→ **Data**:
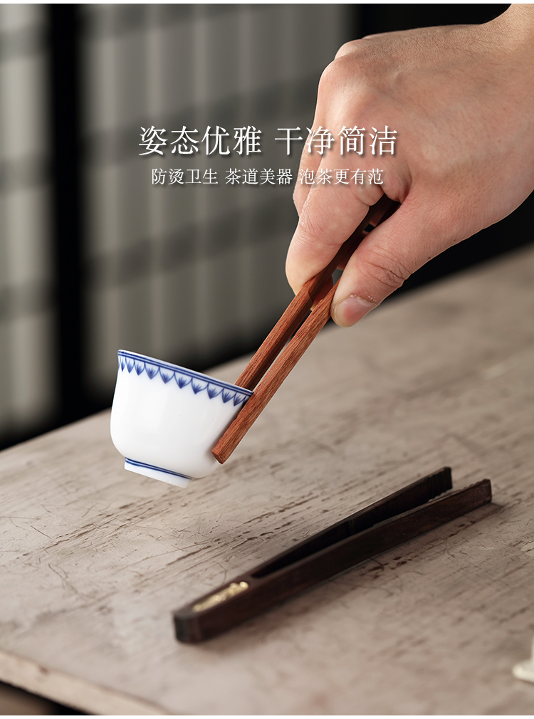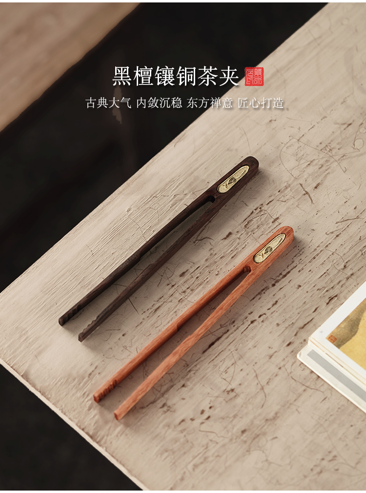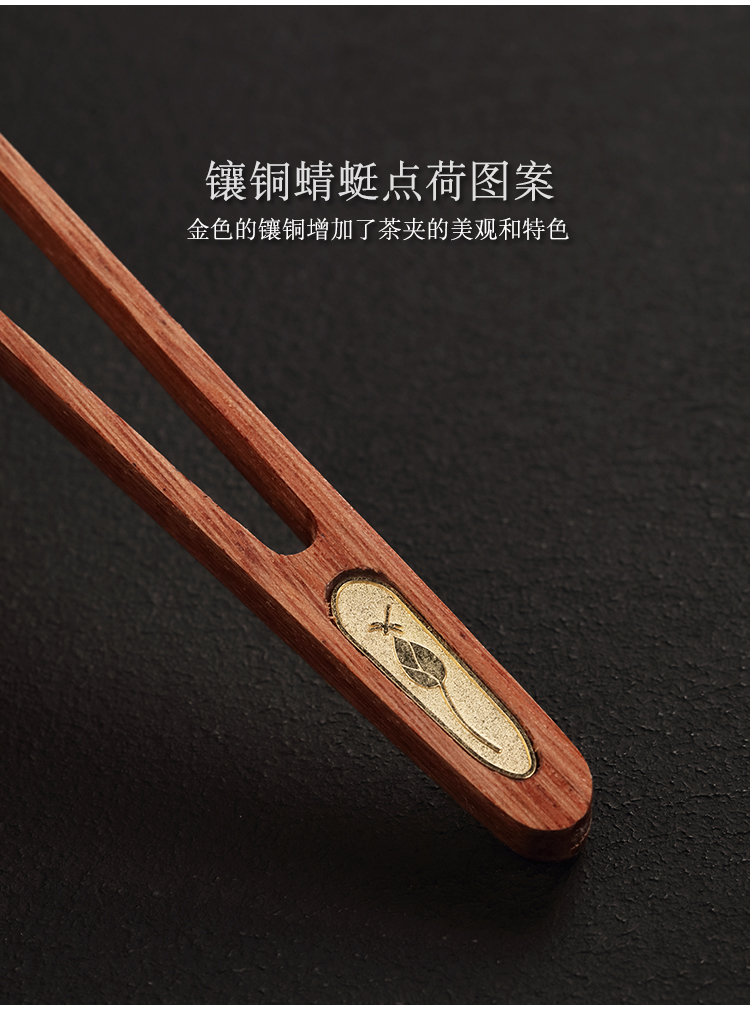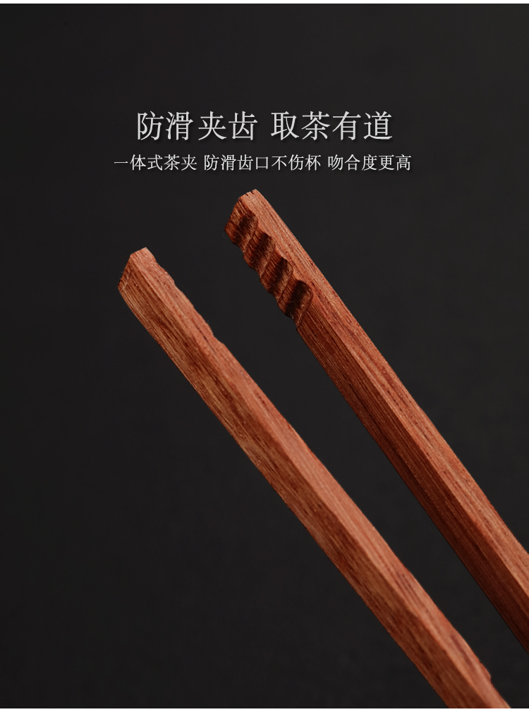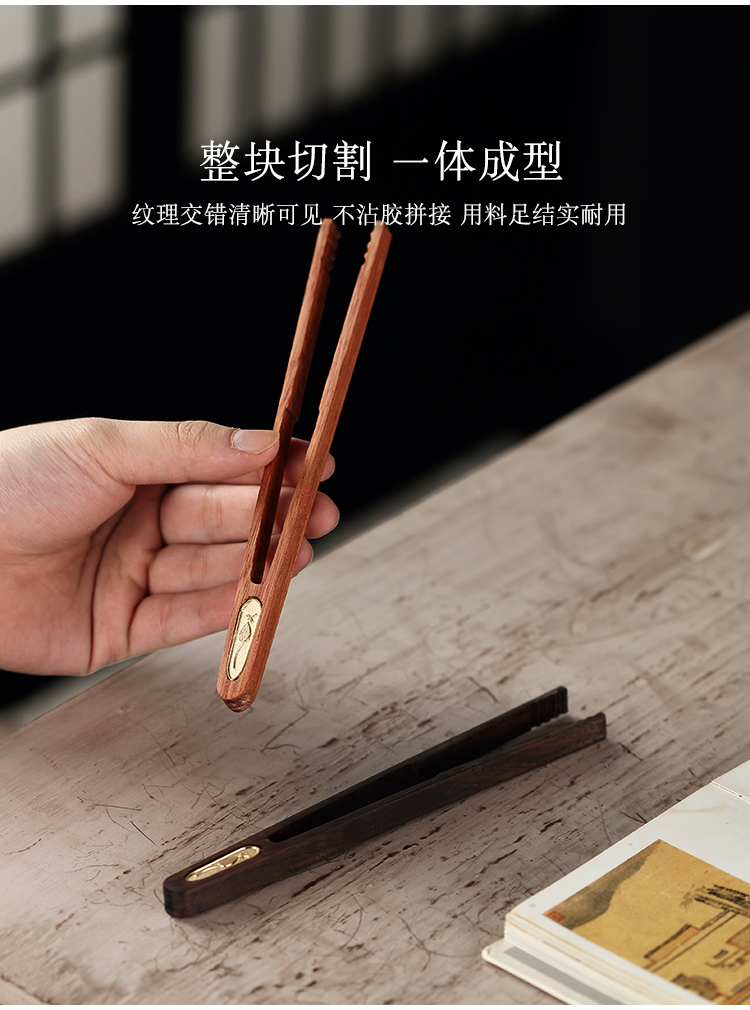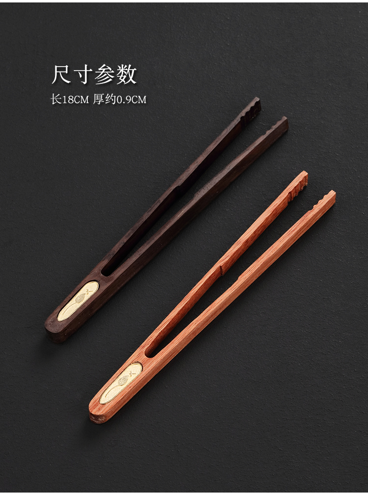 黑檀木花梨木茶夾茶葉鑷子茶具配件零配茶道六君子單個茶杯夾子1入
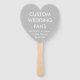 Custom printed personalized 6" SILVER GREY HEART WEDDING FANS (sets of 10) Blank Template. Design, create, make your own. Your wedding photo, image, message, text, bride and groom names, logo, graphics, in full colour print individually designed on both sides of the fan. 5.75" diameter. Available in white and ecru cardstock (customize to any colour). Simple assembly required - wood handles and 4 glue dots per fan included (available pre-assembled for an upcharge). Available Round, Heart shaped, Paddle or Rectangle.
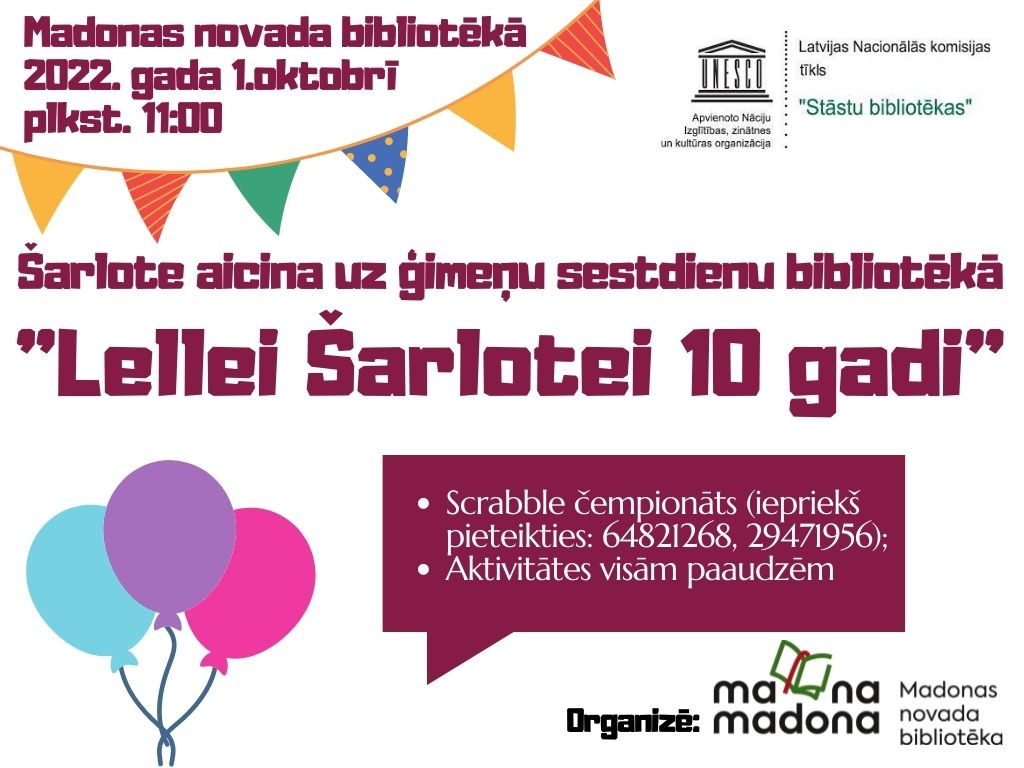Lelle Šarlote, kas jau 10 gadus Madonas novada bibliotēkas bērnu literatūras nodaļā  kopā ar bērniem  iepazīst pasauli un lietas, veicina lasītprieku un iepriecina visu paaudžu apmeklētājus, aicina visus  draugus uz savu 10. dzimšanas dienu.
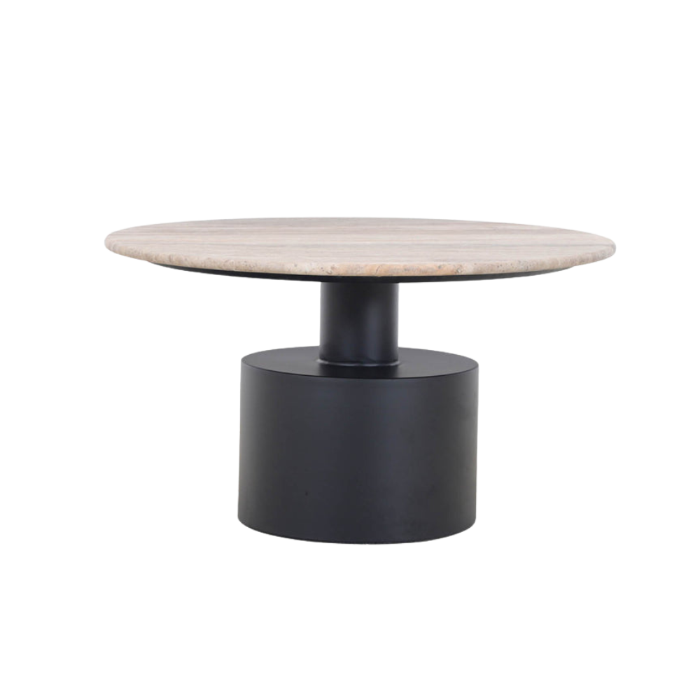 - Esta mesa de centro combina de forma espectacular la elegancia natural con el diseño moderno. Presenta una superficie redonda de travertino en un suave tono gris.

→ **Directions for this task**: Every picture stays out; reproduce exactly the lines from the one with "Lelle Šarlote, kas" through the last line of the data above.

→ **Exercise result**:
Lelle Šarlote, kas jau 10 gadus Madonas novada bibliotēkas bērnu literatūras nodaļā  kopā ar bērniem  iepazīst pasauli un lietas, veicina lasītprieku un iepriecina visu paaudžu apmeklētājus, aicina visus  draugus uz savu 10. dzimšanas dienu.
 - Esta mesa de centro combina de forma espectacular la elegancia natural con el diseño moderno. Presenta una superficie redonda de travertino en un suave tono gris.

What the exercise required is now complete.